*What to work on*
Look in the data below for the line that has "Комплект ручек, подпружиненный, на", then print exactly every line from there through the line that has "Tim Gabungan dan", leaving pictures out.

*Supplied data*
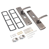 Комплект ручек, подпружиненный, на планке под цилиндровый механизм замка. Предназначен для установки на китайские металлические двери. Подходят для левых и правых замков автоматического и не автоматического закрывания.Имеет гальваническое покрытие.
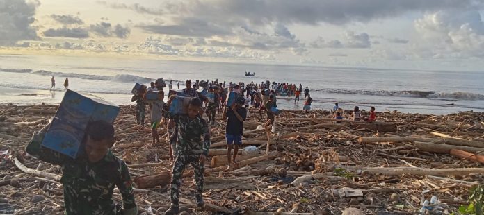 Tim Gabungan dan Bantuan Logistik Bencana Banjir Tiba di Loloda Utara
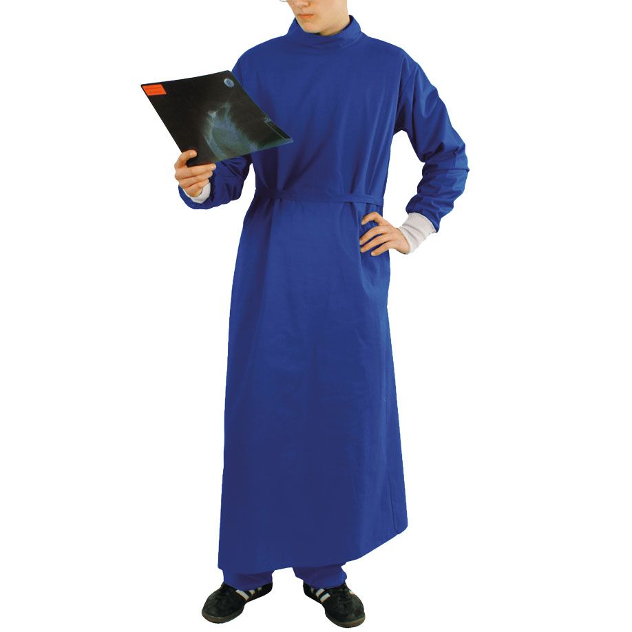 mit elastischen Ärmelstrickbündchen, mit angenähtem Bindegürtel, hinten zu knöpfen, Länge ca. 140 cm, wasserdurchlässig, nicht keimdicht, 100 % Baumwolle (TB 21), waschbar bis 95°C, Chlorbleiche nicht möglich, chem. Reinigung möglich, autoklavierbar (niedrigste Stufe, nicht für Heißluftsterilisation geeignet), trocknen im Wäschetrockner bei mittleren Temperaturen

* * *

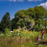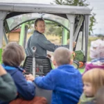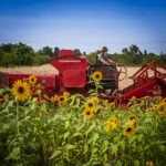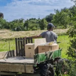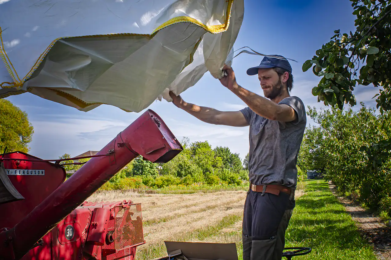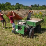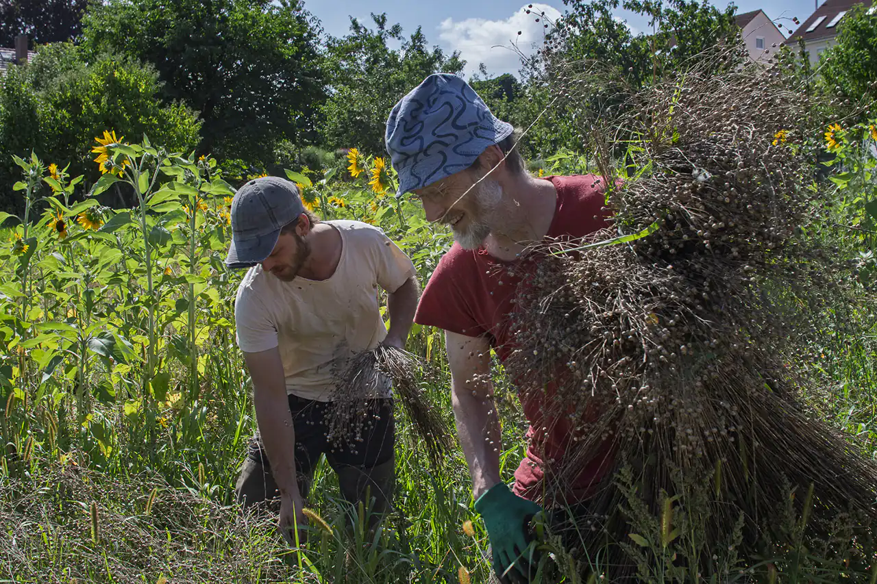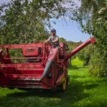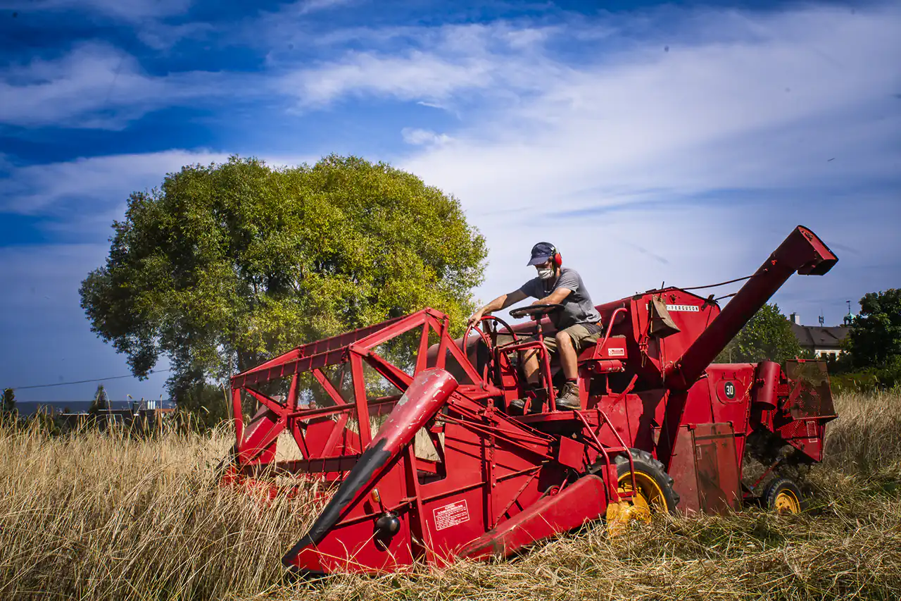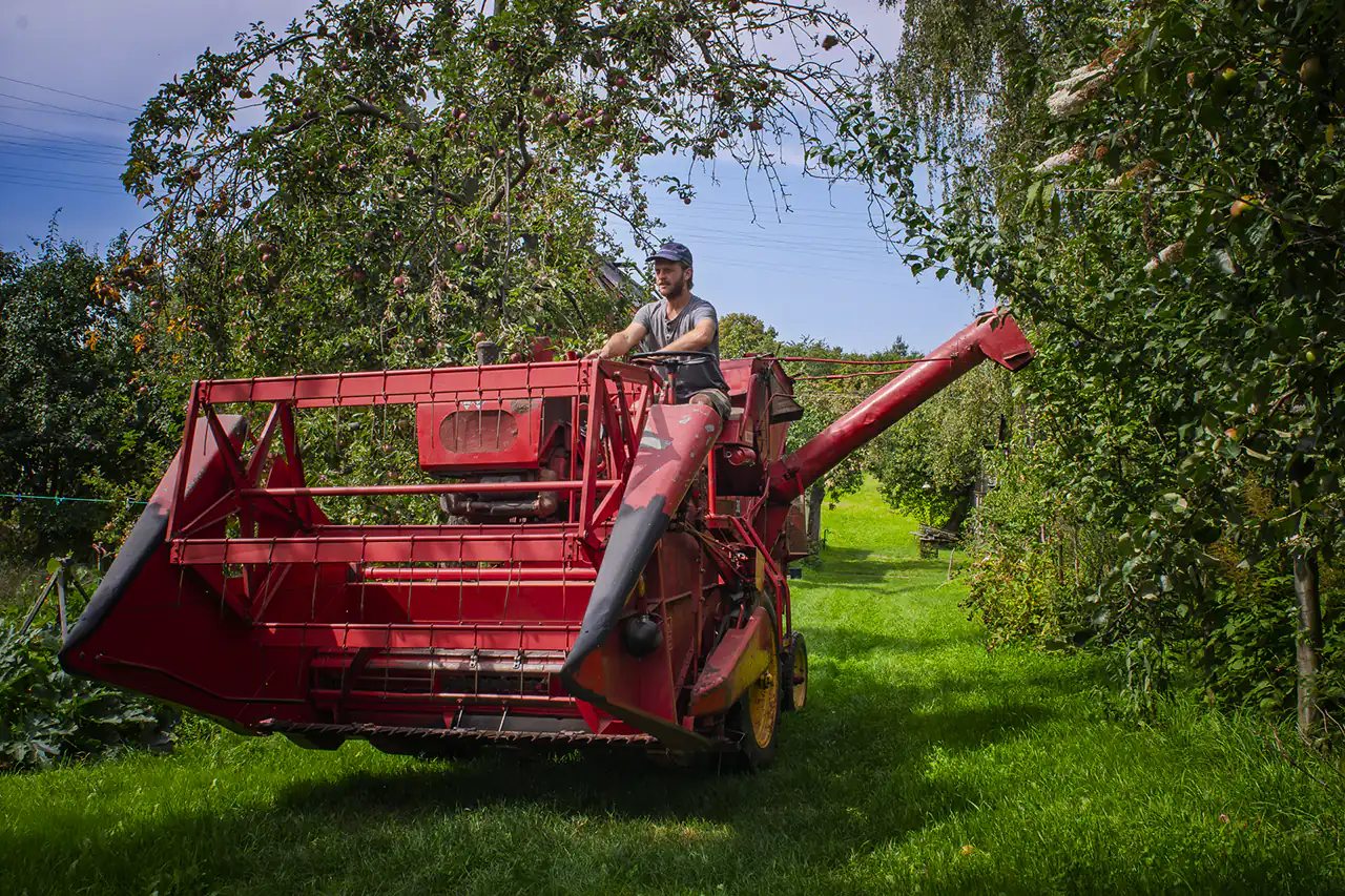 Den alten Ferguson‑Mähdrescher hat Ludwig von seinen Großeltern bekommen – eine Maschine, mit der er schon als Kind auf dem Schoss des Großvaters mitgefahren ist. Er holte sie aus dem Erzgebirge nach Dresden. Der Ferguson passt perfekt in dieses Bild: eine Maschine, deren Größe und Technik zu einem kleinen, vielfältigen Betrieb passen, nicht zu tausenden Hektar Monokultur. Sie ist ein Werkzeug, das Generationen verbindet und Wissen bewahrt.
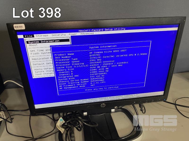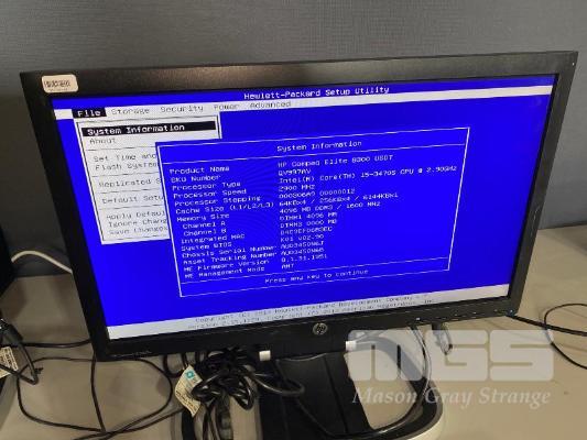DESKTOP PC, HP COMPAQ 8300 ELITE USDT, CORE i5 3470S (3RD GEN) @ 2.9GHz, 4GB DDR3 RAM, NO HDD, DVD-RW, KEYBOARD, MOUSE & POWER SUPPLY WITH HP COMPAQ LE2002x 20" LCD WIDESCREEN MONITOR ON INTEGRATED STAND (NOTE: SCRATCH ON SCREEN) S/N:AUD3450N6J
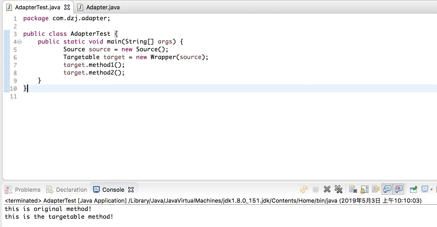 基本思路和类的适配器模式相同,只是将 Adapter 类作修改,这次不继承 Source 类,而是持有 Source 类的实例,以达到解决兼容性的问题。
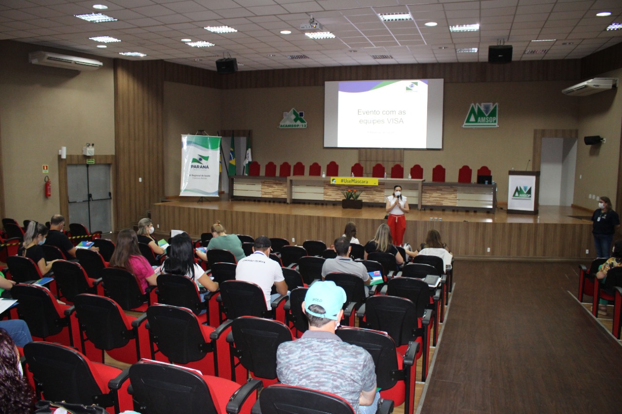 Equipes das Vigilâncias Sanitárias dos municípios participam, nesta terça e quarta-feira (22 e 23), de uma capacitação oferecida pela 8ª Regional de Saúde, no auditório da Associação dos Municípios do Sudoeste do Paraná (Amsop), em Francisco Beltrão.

* * *

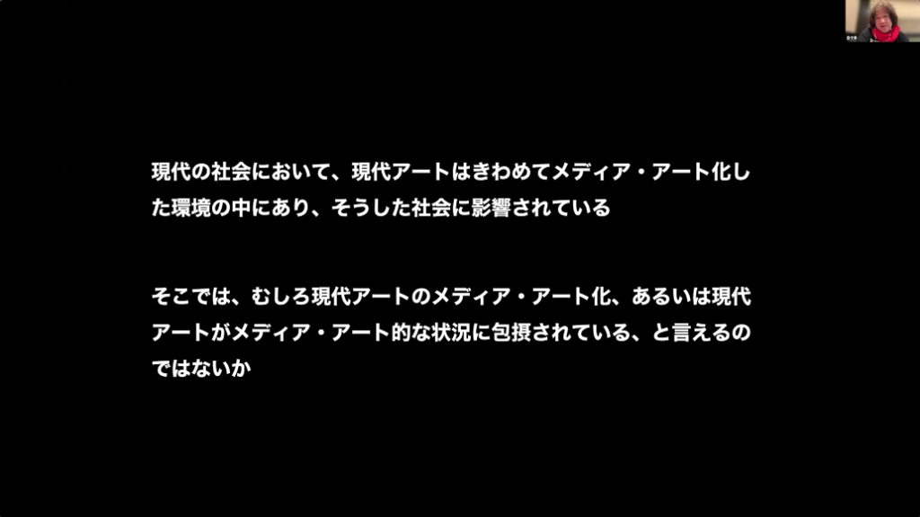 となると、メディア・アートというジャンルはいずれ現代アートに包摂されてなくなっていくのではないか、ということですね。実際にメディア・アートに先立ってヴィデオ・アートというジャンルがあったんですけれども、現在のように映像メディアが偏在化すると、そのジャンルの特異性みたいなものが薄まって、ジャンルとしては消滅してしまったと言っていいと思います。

*Problem solution*
 Комплект ручек, подпружиненный, на планке под цилиндровый механизм замка. Предназначен для установки на китайские металлические двери. Подходят для левых и правых замков автоматического и не автоматического закрывания.Имеет гальваническое покрытие.
 Tim Gabungan dan Bantuan Logistik Bencana Banjir Tiba di Loloda Utara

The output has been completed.